Multiple Points-In-Time Estimation of Peak Wind Effects on Structures

摘要

One of the problems encountered in the estimation of wind effects on high-rise structures is the development of combinations of wind-induced translational responses in possible conjunction with rotational responses and/or of forces and moments that contribute to the wind-induced demand at various cross sections of individual structural members. In current wind engineering practice such combinations are developed in large part intuitively because phase information on the effects being combined is not readily available from frequency domain analyses. In contrast, full time series analyses can produce estimates of combined wind effects because they preserve phase information; however, such analyses can be overly time-consuming. In current wind engineering practice it is common to use the empirical point-in-time (PIT) procedure for the estimation of peaks of combined stationary stochastic processes. The procedure is applied to pairs of such processes, and consists of adding an estimate of the peak value of one of the processes to the estimated value of the second process at the time of the occurrence of that peak. Even if the full time histories of the two stochastic processes are used, errors inherent in PIT can be in some cases as high as 20% on the unconservative side. The purpose of this paper is to present the empirical multiple points-in-time (MPIT) procedure, which improves significantly upon the PIT approach.
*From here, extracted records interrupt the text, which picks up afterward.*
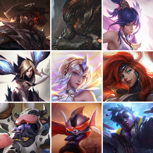 打野皮肤:国王佛爷,黑夜凯隐,真实伤害艾克,至臻剑圣,光明男枪,西部人马,灵魂莲花莉莉娅,丧尸努努。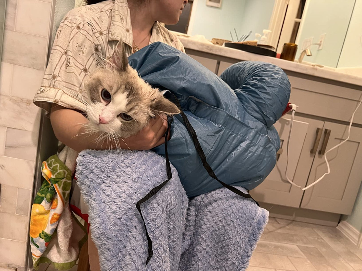 Lo que más me gusta es que puedo hacer otras cosas mientras se seca. No tengo que perseguirlo con la toalla ni limpiar el pelo. Se queda tranquilo dentro, la bolsa hace el trabajo. Me parece de las mejores compras para mascotas que he hecho.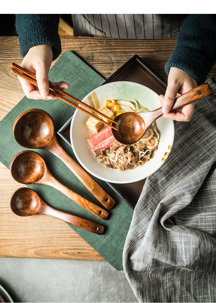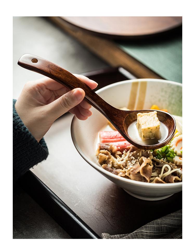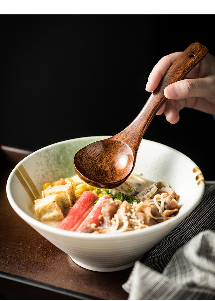 Cuchara de sopa grande de estilo japonés, cuchara de madera, cuchara de ramen de madera para el hogar, cuchara de arroz antiadherente, cuchara de sopa de mango largo, cuchara para gachas

The MPIT procedure is illustrated by an application to a 60-story reinforced concrete structure. Results show that the MPIT approach produces remarkably accurate estimates of the peak combined wind effects by using a limited number of peaks from the time histories of the individual wind effects being combined. Those estimates are obtained far more economically in terms of computational time than conventional time domain estimates that use full time histories.